Abstract:
Schizophrenia is a neuropsychiatric disorder characterized by various symptoms such as hallucinations, delusions, and disordered thinking. The etiology of this disease is unknown; however, it has been linked to many microdeletion syndromes that are likely to contribute to the pathology of schizophrenia. In this review we have comprehensively analyzed the role of various microdeletion syndromes, like 3q29, 15q13.3, and 22q11.2, which are known to be involved with schizophrenia.

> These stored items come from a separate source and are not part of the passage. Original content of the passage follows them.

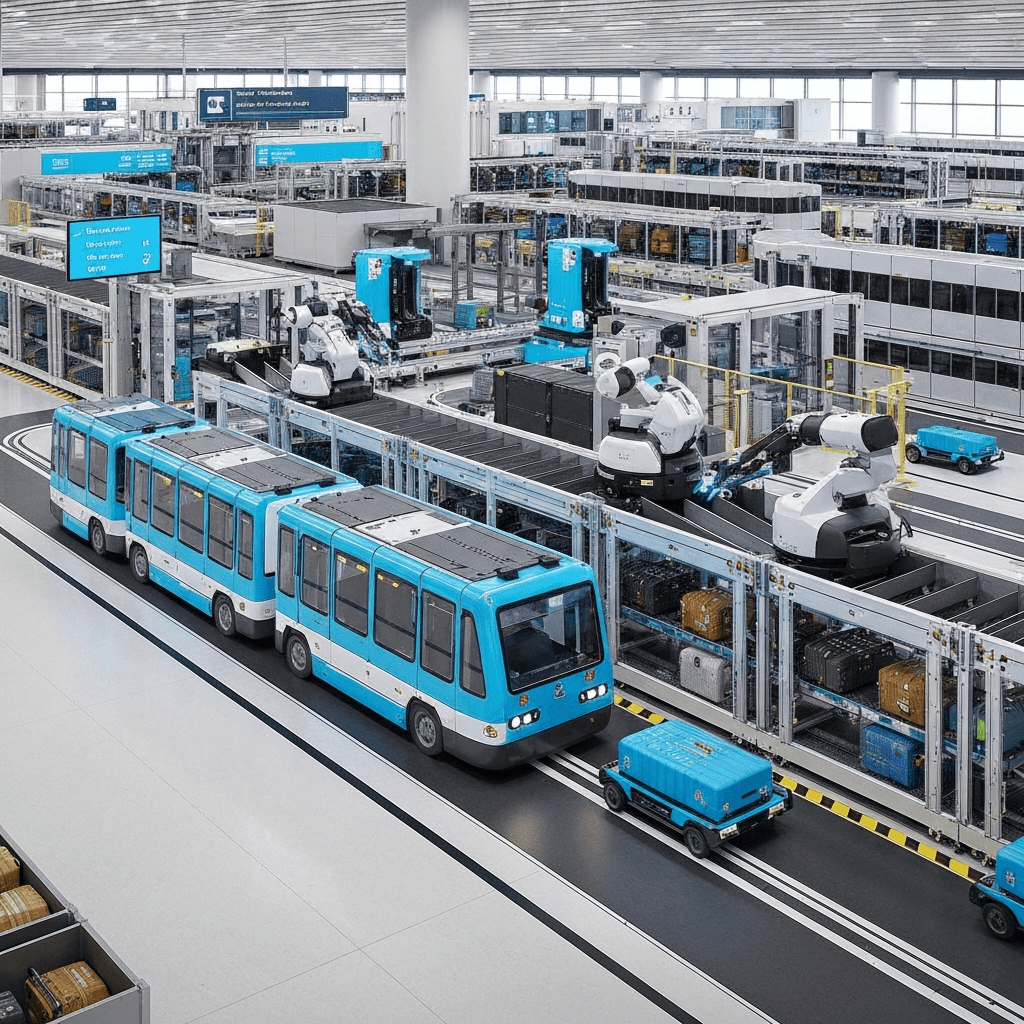 Autonomous tug trains, robotic sorting, and automated storage connected over private 5G across the entire baggage journey. Major airports handle 50,000-100,000+ bags daily — reliable connectivity reduces mishandling and speeds throughput.
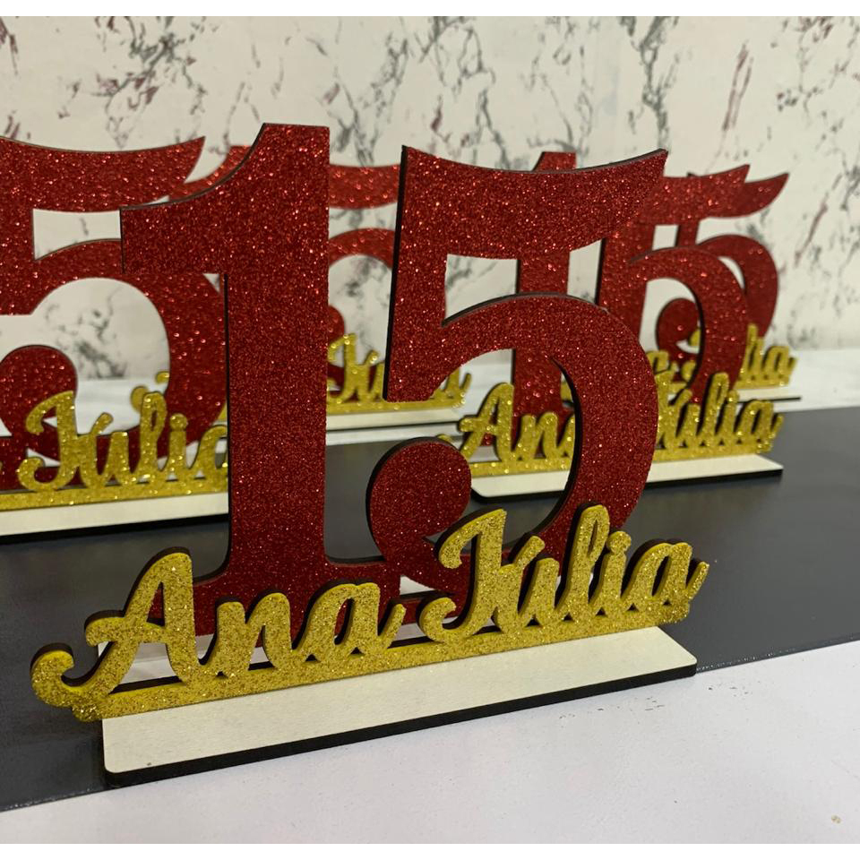 🎉 Totem 15 Anos Personalizado com Nome ✨ MDF Glitter - 12x14cm 🎀 Festa Debutante 🎂
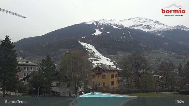 Archiviertes Webcam Bild: Bormio: Blick von der Therme aufs Skigebiet am 12.04.2026 um 13:38 Uhr 13:00
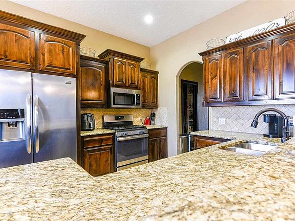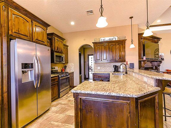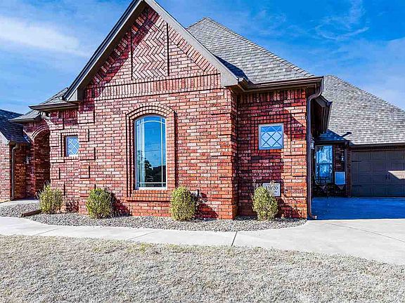 Very nice home! Approx 2000 sq. ft, 3 bedroom, 2 1/2 bath with separate office that can easily be used as a 4th bedroom located on .62 acre lot in Prairie Hill Addition. Natural gas fireplace, high efficiency gas heat & gas range for energy savings. This Filmore style home has an open floor plan with floor to ceiling windows overlooking the backyard. Eat-in kitchen with beautiful Alder cabinetry, granite, stainless appliances, breakfast bar & large walk-in pantry. Utility room with folding area plus storage. Primary suite features bay ceiling & floor to ceiling windows. Double sinks, Jacuzzi tub, walk-in tiled shower & spacious walk-in closet with 2 built-in dressers. The 2 garage has been made into a play room but seller is willing to take down temporary wall and install garage door openers back upon buyer request. It also includes a saferoom and a mini split. There is also a separate 3rd garage and a huge privacy fenced yard. Contact Tiphanie Murphy to view. 580-512-2135

A variety of factors lead to schizophrenia phenotypes, but copy number variants that disrupt gene regulation and impair brain function and cognition are one of the causes that have been identified. Multiple case studies have shown that loss of one or more genes in the microdeletion regions lead to brain activity defects. In this article, we present a coherent paradigm that connects copy number variations (CNVs) to numerous neurological and behavioral abnormalities associated with schizophrenia. It would be helpful in understanding the different aspects of the microdeletions and how they contribute in the pathophysiology of schizophrenia.
摘要:
精神分裂症是一种神经精神障碍,其特征是幻觉等各种症状,妄想,混乱的思维。这种疾病的病因是未知的;然而,它与许多可能导致精神分裂症病理的微缺失综合征有关。在这篇综述中,我们全面分析了各种微缺失综合征的作用,如3q29,15q13.3和22q11.2,已知与精神分裂症有关。多种因素导致精神分裂症的表型,但是破坏基因调节和损害大脑功能和认知的拷贝数变异是已经确定的原因之一。多个案例研究表明,微缺失区域中一个或多个基因的丢失会导致大脑活动缺陷。在这篇文章中,我们提出了一个连贯的范例,将拷贝数变异(CNVs)与精神分裂症相关的众多神经和行为异常联系起来.这将有助于了解微缺失的不同方面以及它们如何在精神分裂症的病理生理学中发挥作用。